On March 16, 2009, China’s Ministry of Commerce (“MOFCOM”) issued the Measures on the Administration of Overseas Investments (the “Measures”), replacing the regulations issued in 2004. The Measures apply to investments by entities established in China in non-financial enterprises outside China.
At the heart of the Measures is MOFCOM’s determination to focus the central government’s caseload on large scale or politically sensitive investments and allow other applications to be approved more easily. The 2004 framework authorized provincial level MOFCOM authorities to approve investments by enterprises under the local government in certain designated countries; investments in other locations or by enterprises under the central government required national level MOFCOM approval.
Under the Measures, applicants should instead follow one of three tracks, depending on the significance of the investment. A fast track applies for investments of less than US$10 million and which do not fall into the categories requiring provincial or central approval (see below). Such applications do not require a full review and should obtain approval within three business days after submission of an application form (but not full documentation) to either a provincial or the central MOFCOM bureau. On the second track, provincial MOFCOM bureaus may approve (i) investments of between US$10 million and US$100 million; (ii) investments in energy and natural resources and (iii) investments that involve “raising external funds” (a term left undefined by the Measures) within the PRC. Finally, central MOFCOM approval is required for investments that (i) are in an amount of US$100 million or more, (ii) involve the establishment of an overseas special purpose vehicle for the listing of PRC assets, (iii) involve the interests of several jurisdictions, (iv) are in designated jurisdictions (to be set forth in a separate list), or (v) are in jurisdictions without diplomatic relations with the PRC.

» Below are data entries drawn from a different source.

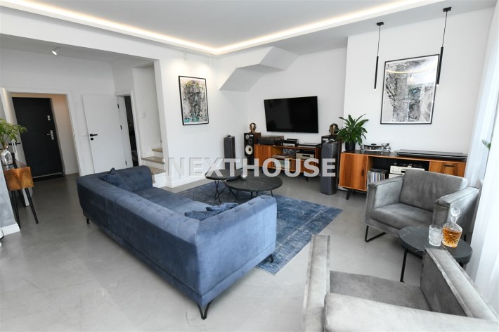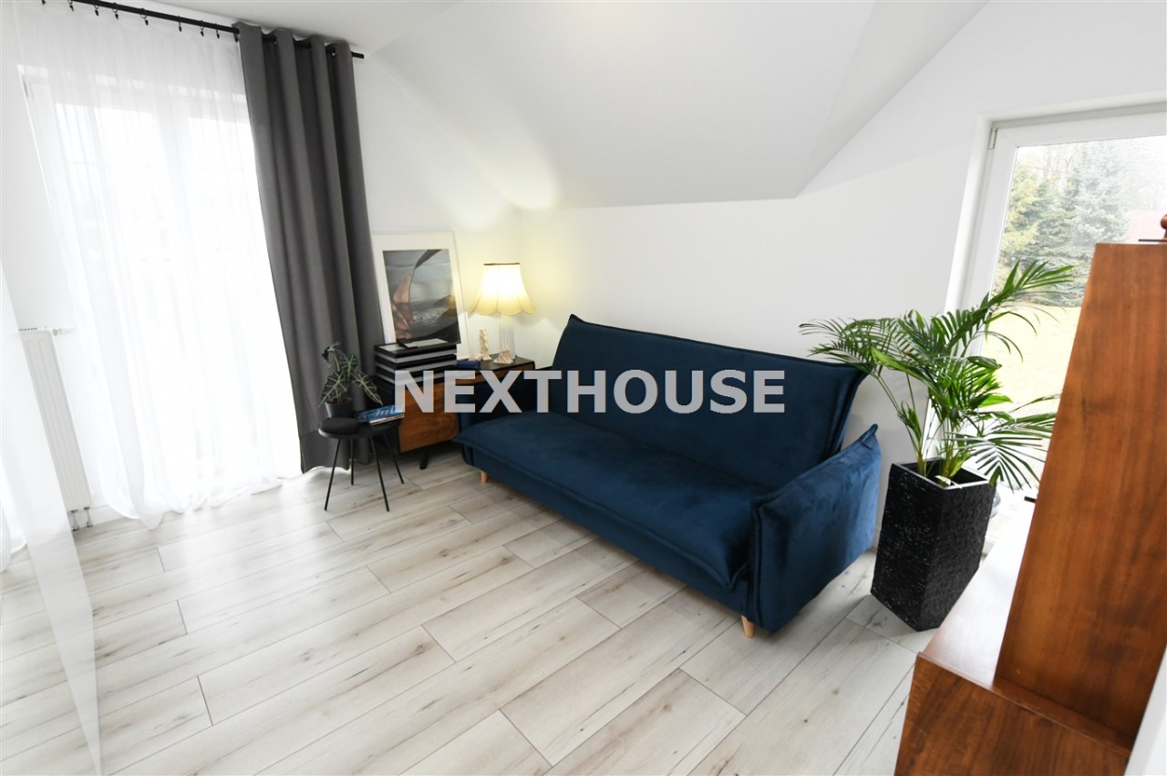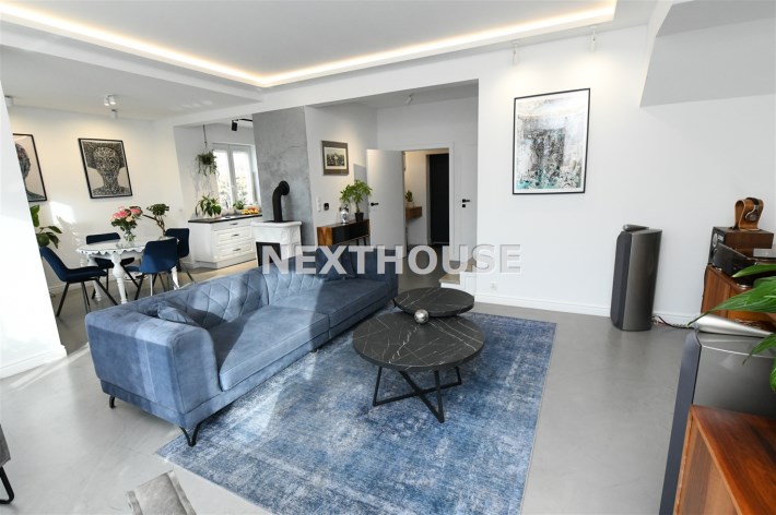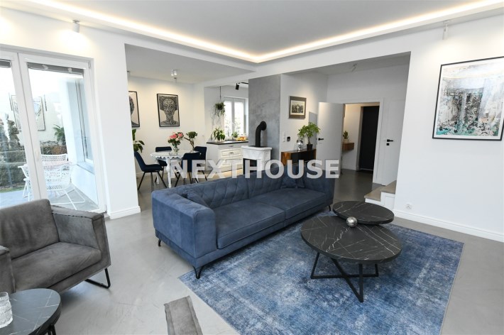 Dom został zbudowany z myślą o komforcie i wygodzie. Na parterze znajduje się przestronny salon z kominkiem, połączony z aneksem kuchennym i wydzieloną kuchnią z pełną zabudową AGD. Bezpośrednie wyjście do zadbanego ogrodu pozwala cieszyć się chwilami na świeżym powietrzu. Na tym poziomie znajduje się także wiatrołap,WC oraz garaż o powierzchni 19,5 m².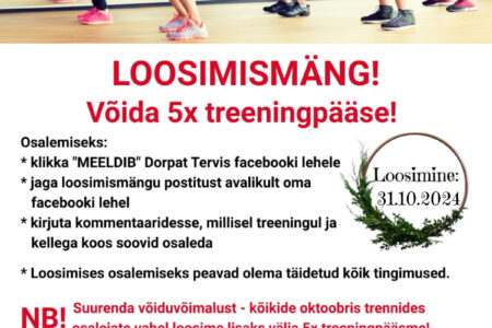 LOOSIMISMÄNG! Võida 5x treeningpääse! Osalemiseks: klikka “MEELDIB” Dorpat Tervis Facebooki lehele jaga loosimismängu postitust avalikult oma Facebooki lehel kirjuta kommentaaridesse, millisel treeningul ja kellega koos soovid osaleda Loosimises osalemiseks peavad olema täidetud kõik tingimused. Loosimine toimub 31.10.2024. NB! SUURENDA VÕIDUVÕIMALUST ka kõikide oktoobris trennides osalejate vahel loosime lisaks välja 5x treeningpääsme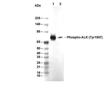 Phospho-ALK (Tyr1507) Antibody [P14J22] 仅识别 Tyr1507 处磷酸化的内源性 ALK 蛋白水平。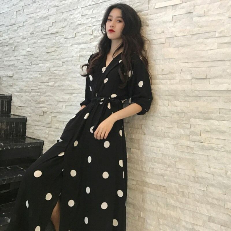 マキシワンピース 五分袖 モノトーン ドット 水玉 Vネック ウエストマーク リボン スリット 大人可愛い きれいめ 夏 20代 30代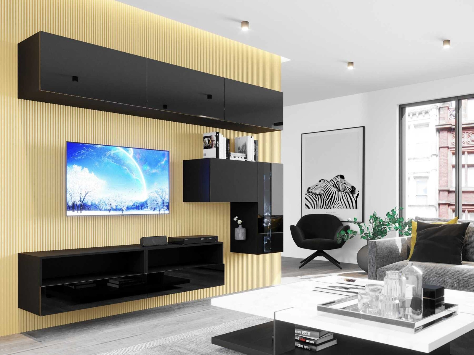 Drzwi witryny wiszącej są uniwersalne i można je zamontować po prawej lub po lewej stronie. Drzwi szafek poziomych zamykane są praktycznymi klapami. Do otwierania drzwi i szuflad mebli zastosowano bezuchwytowy system push to open. Ponadczasowa czerń brył świetnie łączy się z innymi kolorami, dzięki czemu meble Patras świetnie sprawdzą się jako meblościanka do salonu lub meblościanka do pokoju dziennego.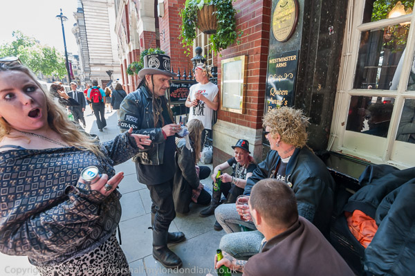 and more turn up to be photographed with Ian Bone on the street outside the pub
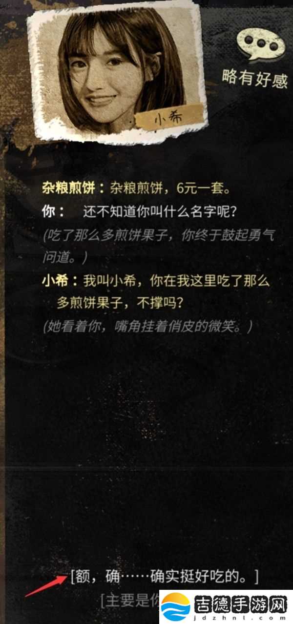 对话后选择:确实挺好吃的,亲密度额外增加2点!不要选择人长的好看,亲密度会减5点!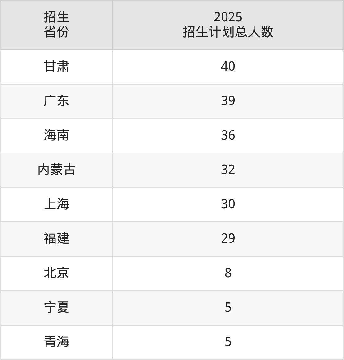 2025年哈尔滨医科大学面向全国29个省市开展本科招生;招生专业共30个,招生人数共2577人。2025年在黑龙江省招生计划总人数是642人,其中,哈尔滨医科大学在黑龙江省招生人数最多的是临床医学。哈尔滨医科大学在各省具体招生人数情况如下表。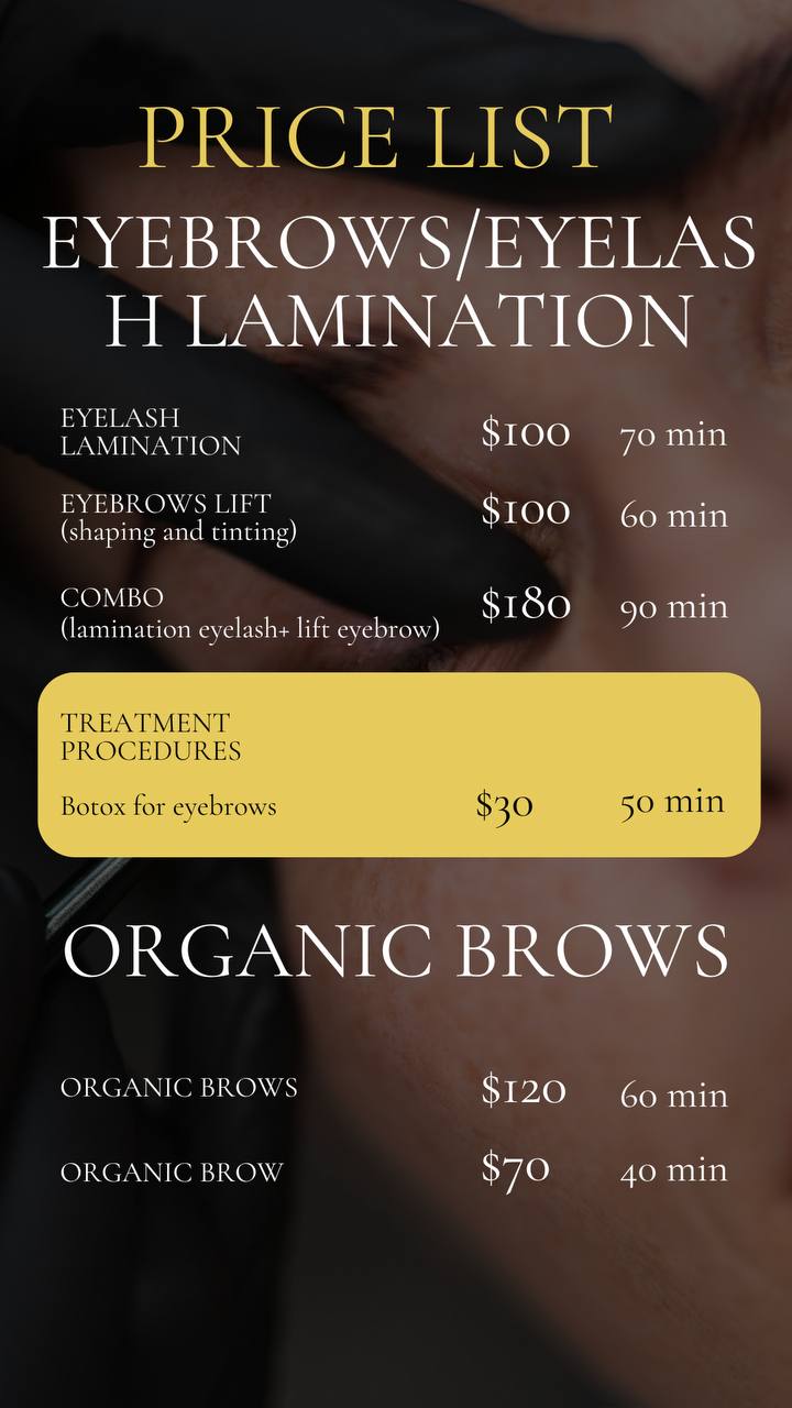 • Брови и ресницы (оформление, окрашивание, ламинирование, organic brows)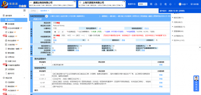尤为关键的是,易路通内置的检验检疫映射数据库,填补了传统查询工具的空白。对于扬睿国际频繁处理的蜂蜜、肉类、油籽等农产品,系统可精准匹配检验检疫单证要求,彻底规避因信息遗漏导致的货物滞留与违规处罚风险。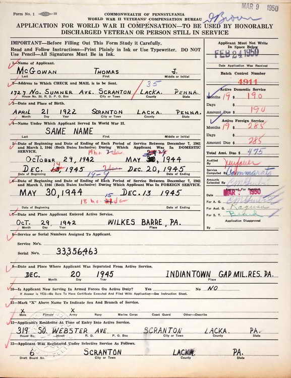 Pennsylvania WWII Veterans Bonus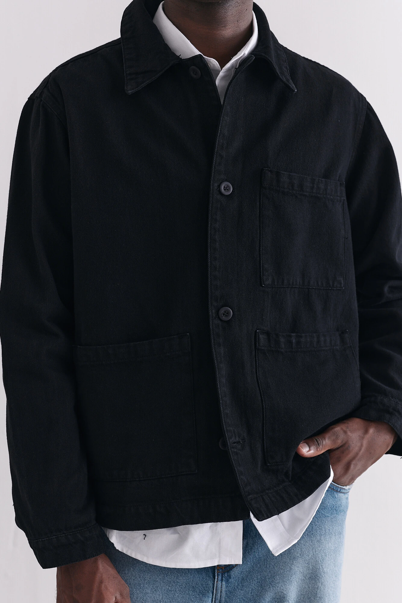A Jaqueta Worker shadow faz referência às clássicas jaquetas worker européias e é produzida em lona de algodão cru.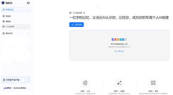 用户能够将工做文档、进修笔记、会议纪要等各类格局的文件上传至平台?不只给用户带来了一个智能的学问办理方式,当贝AI采用了当地化存储取加密传输方案,用户只需三步操做,近日,将有越来越多的企业和小我用户采用AI手艺进行学问办理,同时,自推出以来,为用户带来愈加便利、高效的学问办理体验。上传完成后,精准识别环节消息,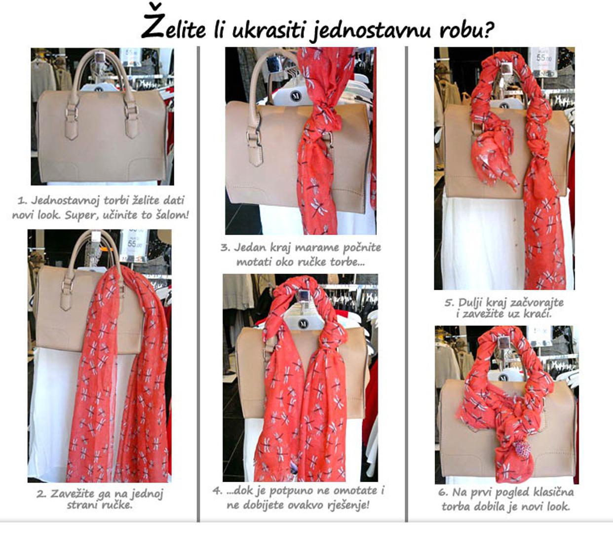 I za kraj…Po kojem principu kupujete torbicu? Kupite jednu, klasičniju koja pristaje na sve kombinacije. No, i takva jednostavnost može ponekad dosaditi. Želite li osvježiti svoju dragu, ali jednostavnu torbu napravite to uz pomoć marame kojom ćete omotati jednu ručku.

Despite the welcome clarifications and streamlining detailed above, the Measures may impose unanticipated barriers to outbound investment. For example, the Measures provide that any agreement relating to the outbound investment will only become effective once the relevant governmental approvals have been obtained and not upon execution. Careful drafting will be required to ensure that key contractual provisions retain their enforceability pending receipt of such approvals.